In this project, the data cleaning process involved several key steps to ensure the dataset was ready for analysis. First, temporal variables such as Month and Year were extracted to facilitate seasonal analysis of air quality trends. The dataset was then examined for missing values, revealing any incomplete or inaccurate entries. To ensure robust insights, a threshold of 20 observations per site and month was applied, filtering out months with insufficient data. This process reduced potential biases from sparse data points and enhanced the reliability of subsequent analyses. The cleaned dataset consisted of 746 observations, ready for exploratory analysis, regression modeling, and visualization.

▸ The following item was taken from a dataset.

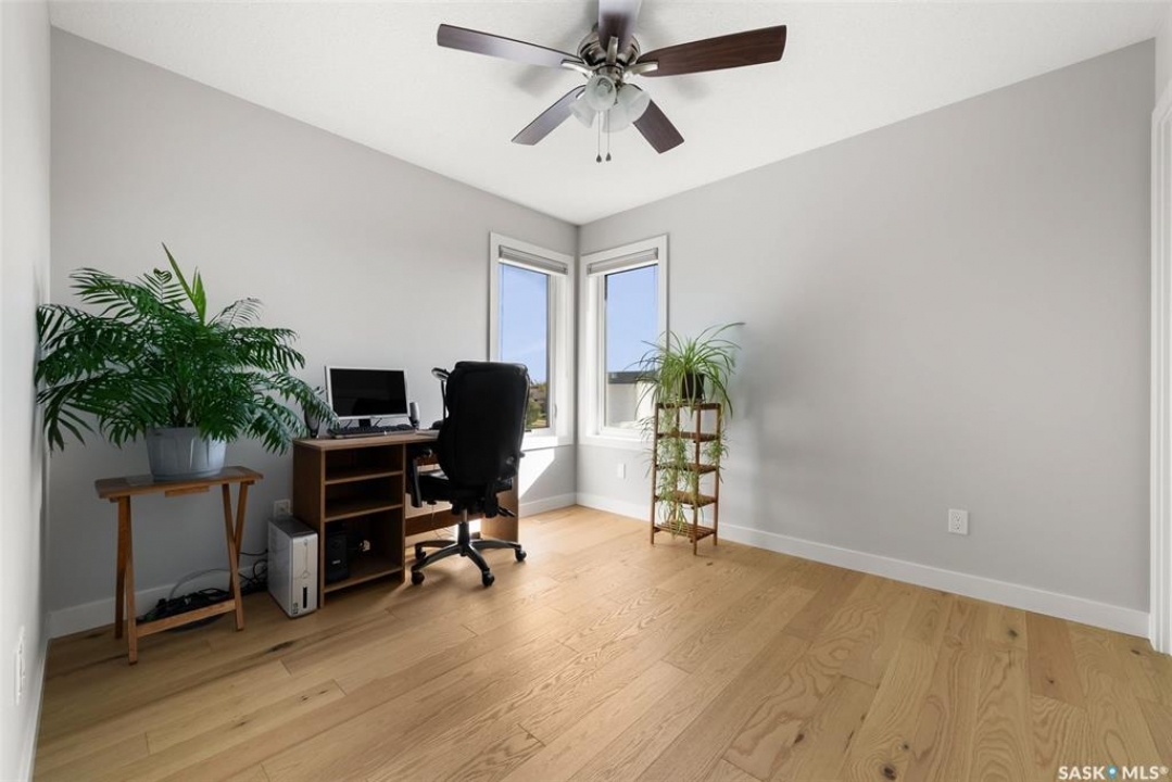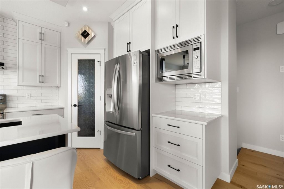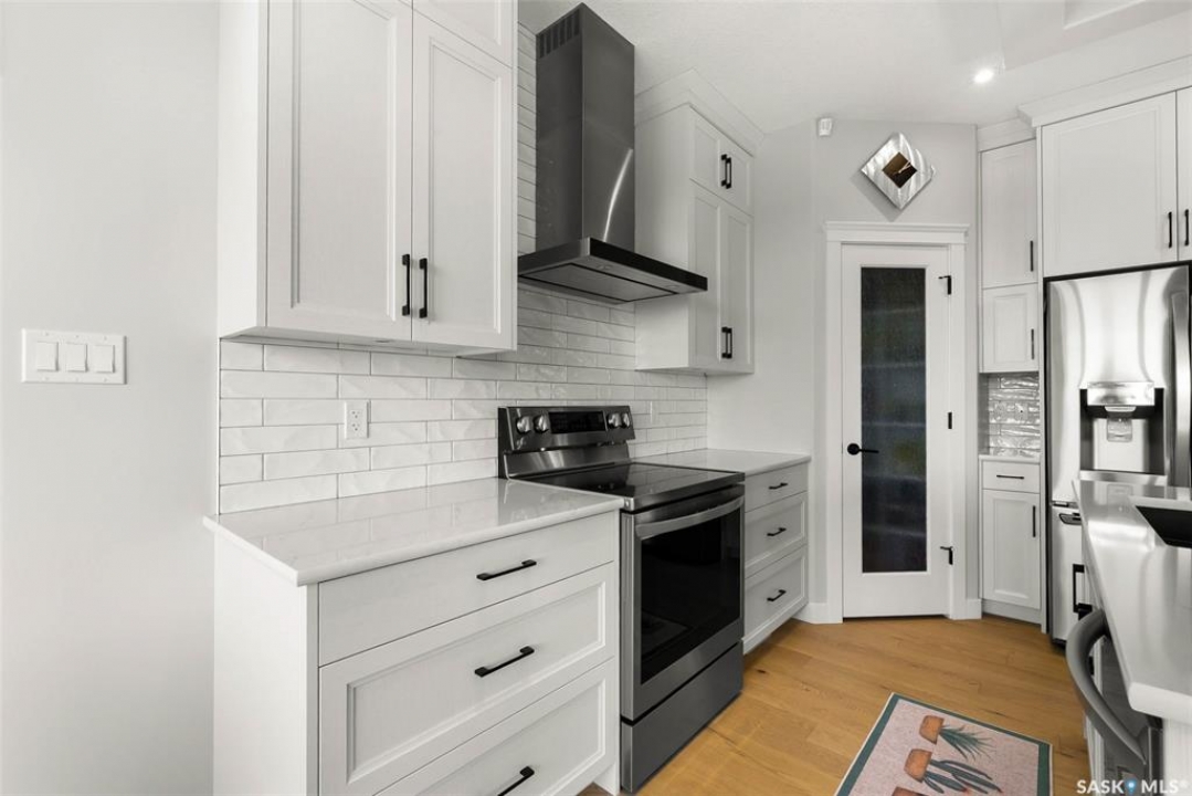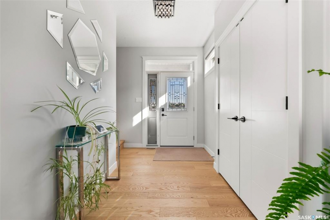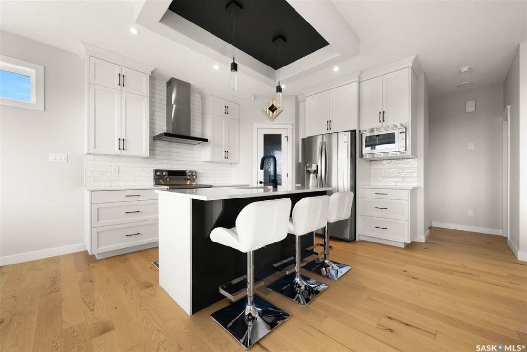 Welcome to 408 Hillside Drive in Pilot Butte! Built in 2020, this impressive 2-storey home offers over 1,700 sq. ft. of thoughtfully designed living space plus a triple attached garage. With modern finishes, premium upgrades, and a prairie backdrop, it's the perfect blend of style, comfort, and functionality. The main floor showcases an open-concept layout with engineered hardwood flooring and 2x6 construction on 16” centers. A bright living room centers around a remote-controlled gas fireplace with stone surround, while oversized windows fitted with Hunter Douglas top-down/bottom-up blinds capture expansive views. The chef's kitchen boasts quartz countertops, custom cabinetry with under-cabinet lighting, subway tile backsplash, stainless steel appliances including a granite sink, a large island, and walk-in pantry. The dining area opens onto a spacious deck, ideal for entertaining, while a powder room and mudroom with laundry complete this level. Upstairs, the primary suite impresses with 10' ceilings, a walk-in closet, and spa-inspired ensuite with dual sinks and custom tiled shower. Two additional bedrooms, a full bath, and a bonus room with balcony access offer versatility for family living. The basement is open for development, with exterior walls spray-foamed and drywalled—ready for your personal touch. Notable upgrades include a whole-home water filtration system, surge protection, central A/C, on-demand hot water, and hot/cold water taps in the garage. Curb appeal shines with a fully insulated triple garage, exposed aggregate driveway, and beautifully landscaped yard. The backyard retreat features underground sprinklers, raised garden beds, lush lawn, a composite deck, and tiled patio backing green space—perfect for enjoying Saskatchewan sunsets. This home combines quality construction, thoughtful upgrades, and an unbeatable Pilot Butte location. Truly move-in ready for its next proud owner.

#Check column names in dataset
names(data11_clean)
[1] "Date"                              "Month"                            
[3] "Daily AQI Value"                   "Daily Max 8-hour CO Concentration"
[5] "Local Site Name"                  
# build a regression model
model <- lm(`Daily AQI Value` ~ `Daily Max 8-hour CO Concentration`, data = data11_clean)
summary(model)

Call:
lm(formula = `Daily AQI Value` ~ `Daily Max 8-hour CO Concentration`, 
    data = data11_clean)

Residuals:
     Min       1Q   Median       3Q      Max 
-0.60373 -0.08412 -0.08412  0.10583  0.53598 

Coefficients:
                                    Estimate Std. Error t value Pr(>|t|)    
(Intercept)                         -0.29578    0.01418  -20.86   <2e-16 ***
`Daily Max 8-hour CO Concentration` 11.89951    0.05398  220.45   <2e-16 ***
---
Signif. codes:  0 '***' 0.001 '**' 0.01 '*' 0.05 '.' 0.1 ' ' 1

Residual standard error: 0.2116 on 782 degrees of freedom
Multiple R-squared:  0.9842,    Adjusted R-squared:  0.9841 
F-statistic: 4.86e+04 on 1 and 782 DF,  p-value: < 2.2e-16
# Scatter plot with regression line
ggplot(data11_clean , aes(x = `Daily Max 8-hour CO Concentration`, y = `Daily AQI Value`)) +
  geom_point(alpha = 0.6, color = "blue") +  # Scatter points
  geom_smooth(method = "lm", se = FALSE, color = "pink") +  # Regression line
  labs(
    title = "Relationship Between CO Concentration and AQI",
    x = "Daily Max 8-hour CO Concentration (ppm)",
    y = "Daily AQI Value"
  ) +
  theme_minimal()
`geom_smooth()` using formula = 'y ~ x'

The linear regression analysis reveals a strong positive relationship between the Daily Max 8-hour CO Concentration (Carbon Monoxide) and the Daily AQI Value (Air Quality Index), with CO concentration emerging as a significant predictor of air quality. For every 1 ppm (parts per million) increase in CO concentration, the AQI rises by approximately 11.89 units, as indicated by the model’s coefficient. This relationship is statistically significant, with a p-value of less than 2.2e-16, and the model explains 98.21% of the variance in AQI values, as shown by the high R-squared value. The residual standard error of 0.2118 further confirms the model’s accuracy. These findings highlight the critical role of CO emissions in air quality deterioration, suggesting that reducing CO pollution could substantially improve air quality in Maryland. This insight is particularly valuable for policymakers aiming to create targeted interventions and for residents concerned about the health implications of air pollution, especially for vulnerable groups like children and the elderly.

Personal Reflection

Seeing these trends makes me reflect on how air quality varies based on location. While Piney Run offers a reassuring picture, Essex raises concerns about localized pollution. As a parent, it’s important to consider how environmental factors like these might affect my family’s health.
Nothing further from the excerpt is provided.